Supplied entries:
====================

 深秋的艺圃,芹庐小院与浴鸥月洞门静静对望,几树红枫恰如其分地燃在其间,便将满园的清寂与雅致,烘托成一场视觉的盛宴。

====================

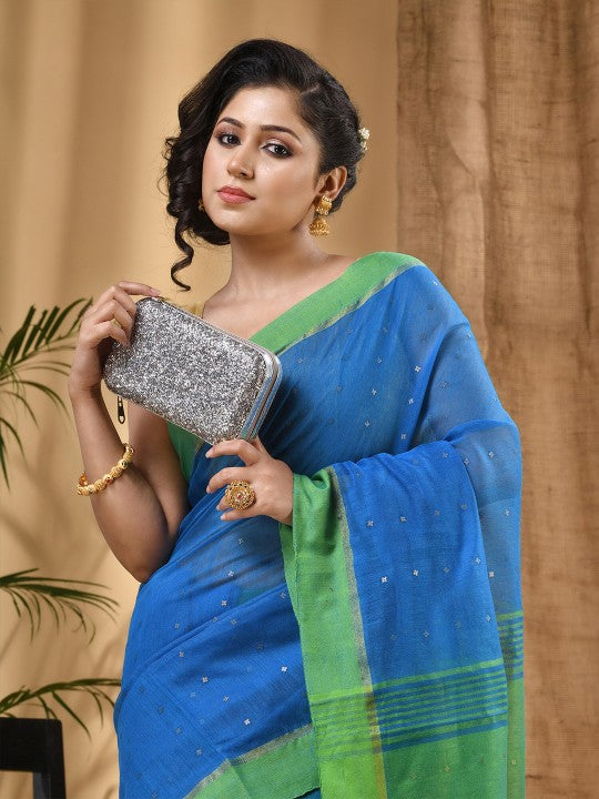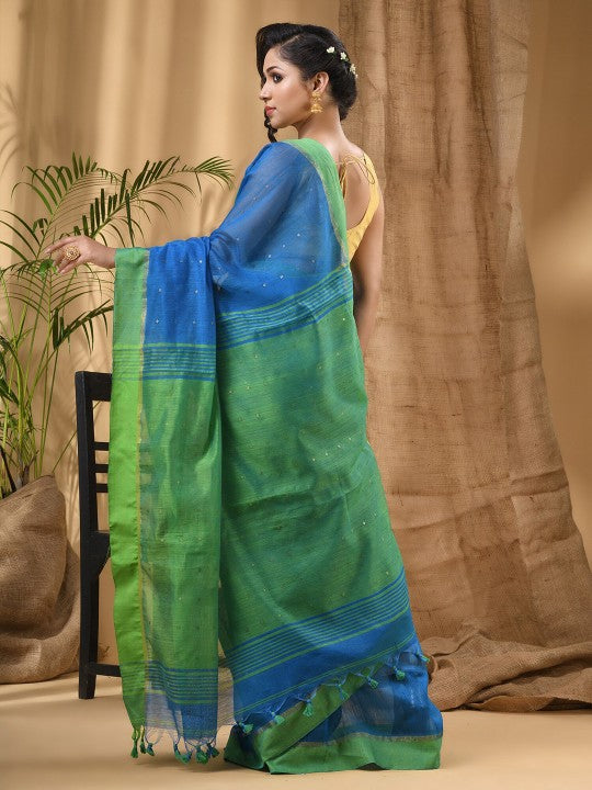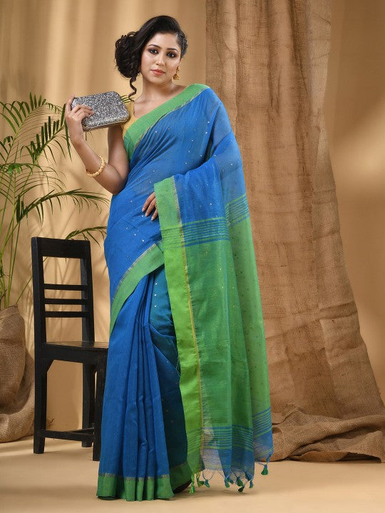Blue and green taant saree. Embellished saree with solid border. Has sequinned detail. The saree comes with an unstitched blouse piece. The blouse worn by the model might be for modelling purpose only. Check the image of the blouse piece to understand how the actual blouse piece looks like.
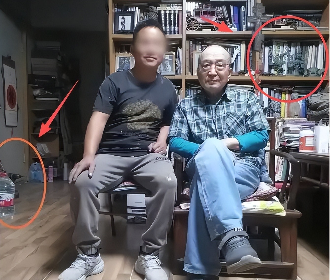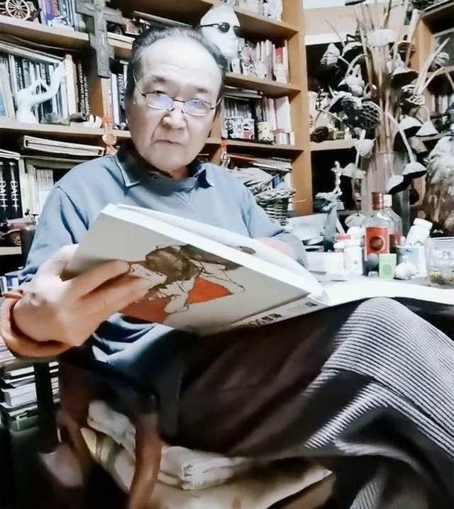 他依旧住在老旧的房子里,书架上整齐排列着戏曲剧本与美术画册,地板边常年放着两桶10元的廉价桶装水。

====================

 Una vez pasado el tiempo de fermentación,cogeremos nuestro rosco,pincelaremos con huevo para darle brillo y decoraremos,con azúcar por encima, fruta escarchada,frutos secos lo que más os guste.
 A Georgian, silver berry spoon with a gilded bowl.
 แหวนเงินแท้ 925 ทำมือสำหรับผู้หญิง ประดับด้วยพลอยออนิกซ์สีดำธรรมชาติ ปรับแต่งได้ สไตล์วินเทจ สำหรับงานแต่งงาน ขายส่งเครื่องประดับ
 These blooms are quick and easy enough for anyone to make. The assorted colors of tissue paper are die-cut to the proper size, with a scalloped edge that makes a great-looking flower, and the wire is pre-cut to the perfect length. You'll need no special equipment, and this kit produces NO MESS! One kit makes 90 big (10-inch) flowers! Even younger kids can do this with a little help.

====================

Goal of the exercise: From the listing above, repeat exactly the lines starting at the line that includes "A Georgian, silver" and ending at the line that includes "These blooms are", with nothing outside that span.

Completed exercise:
 A Georgian, silver berry spoon with a gilded bowl.
 แหวนเงินแท้ 925 ทำมือสำหรับผู้หญิง ประดับด้วยพลอยออนิกซ์สีดำธรรมชาติ ปรับแต่งได้ สไตล์วินเทจ สำหรับงานแต่งงาน ขายส่งเครื่องประดับ
 These blooms are quick and easy enough for anyone to make. The assorted colors of tissue paper are die-cut to the proper size, with a scalloped edge that makes a great-looking flower, and the wire is pre-cut to the perfect length. You'll need no special equipment, and this kit produces NO MESS! One kit makes 90 big (10-inch) flowers! Even younger kids can do this with a little help.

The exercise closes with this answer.